▶ _BRIEF_: In the records below, find the line containing "Sertifikalı Makrome Mor" and the line containing "Case:肺部混合感染,赛哲特异性检出结核分枝杆菌(滑动图片) Case:病毒性肺炎,赛哲特异性检出人类腺病毒 B(滑动图片)"; please repeat exactly the lines from one to the other, both included, and nothing more.

▶ _DATA SUPPLIED_:
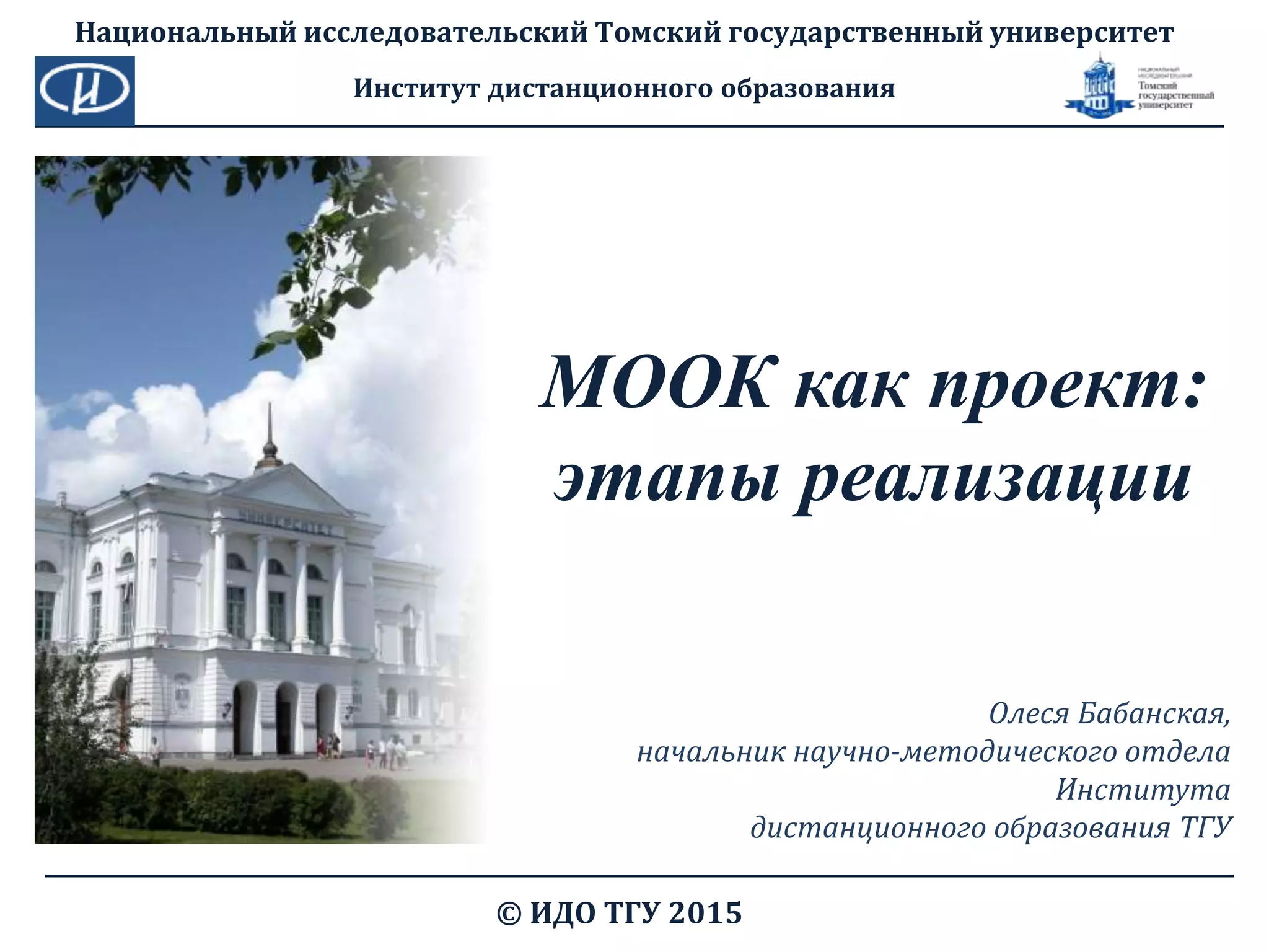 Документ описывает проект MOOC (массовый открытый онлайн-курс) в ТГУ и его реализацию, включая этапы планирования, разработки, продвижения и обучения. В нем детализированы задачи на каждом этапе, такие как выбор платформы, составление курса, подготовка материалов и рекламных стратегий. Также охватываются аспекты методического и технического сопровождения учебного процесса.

* * *

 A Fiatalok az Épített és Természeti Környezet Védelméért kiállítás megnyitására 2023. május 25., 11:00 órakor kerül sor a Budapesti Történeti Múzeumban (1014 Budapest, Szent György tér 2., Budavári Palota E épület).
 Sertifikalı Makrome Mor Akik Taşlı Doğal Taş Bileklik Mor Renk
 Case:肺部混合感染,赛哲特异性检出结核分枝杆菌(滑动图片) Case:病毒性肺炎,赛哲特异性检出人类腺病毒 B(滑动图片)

---

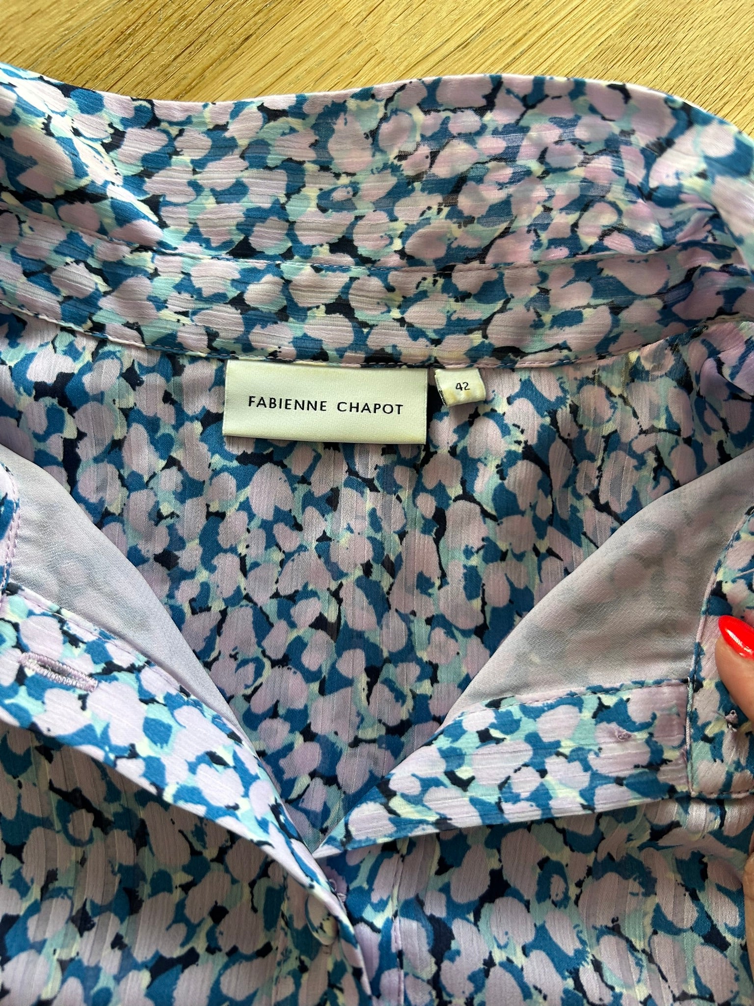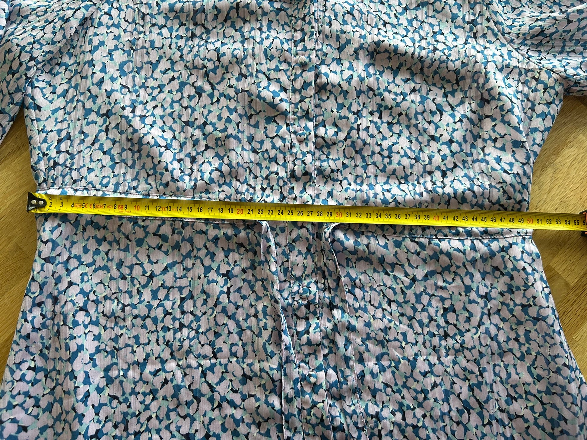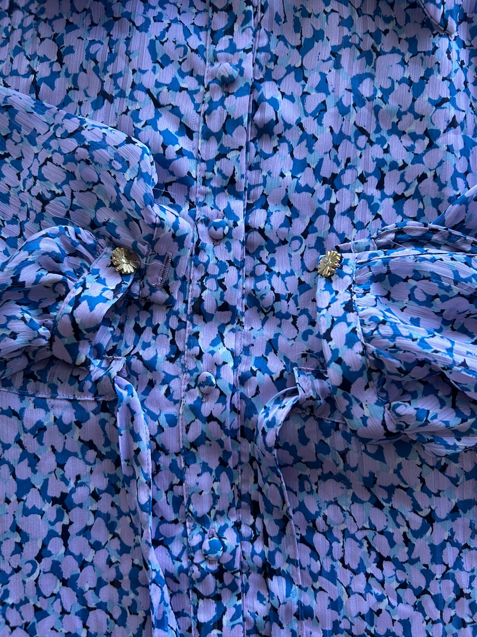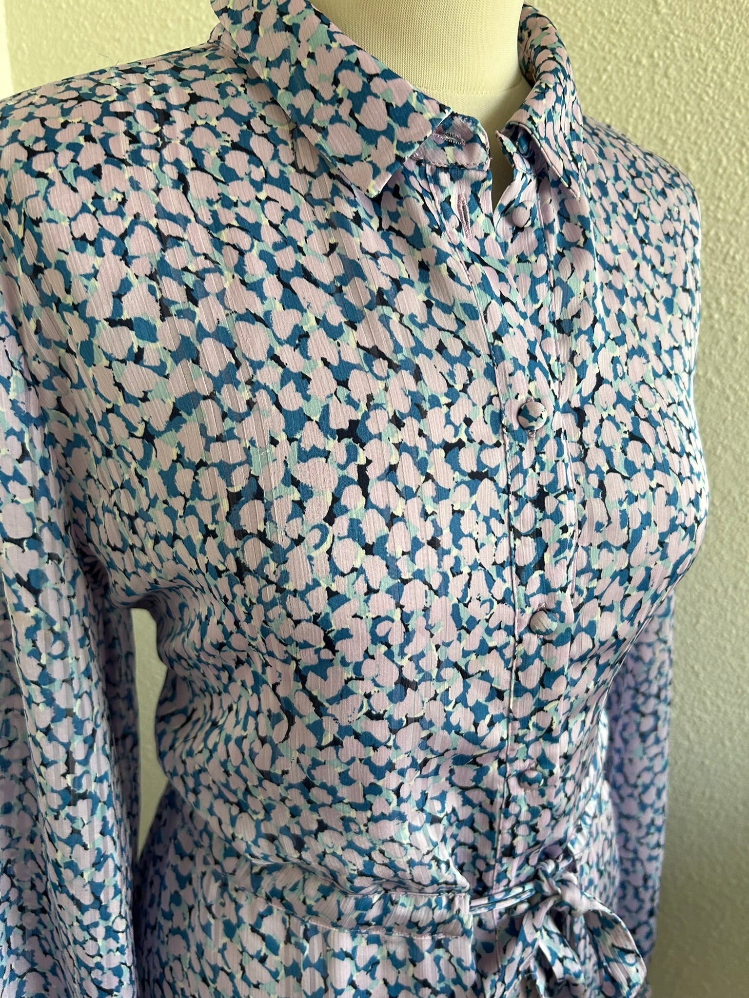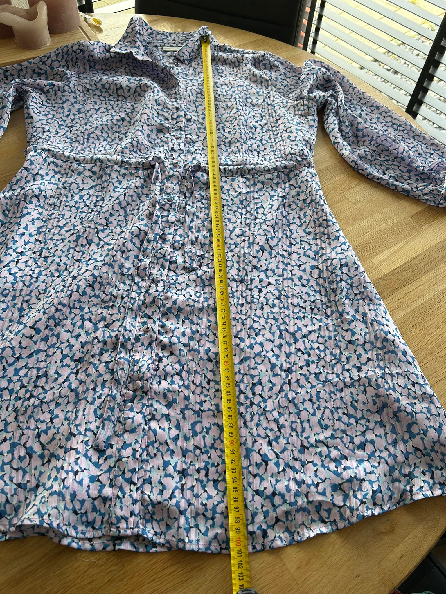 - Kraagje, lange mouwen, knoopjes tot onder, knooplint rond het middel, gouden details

▶ _REPLY TO THE TASK_:
 Sertifikalı Makrome Mor Akik Taşlı Doğal Taş Bileklik Mor Renk
 Case:肺部混合感染,赛哲特异性检出结核分枝杆菌(滑动图片) Case:病毒性肺炎,赛哲特异性检出人类腺病毒 B(滑动图片)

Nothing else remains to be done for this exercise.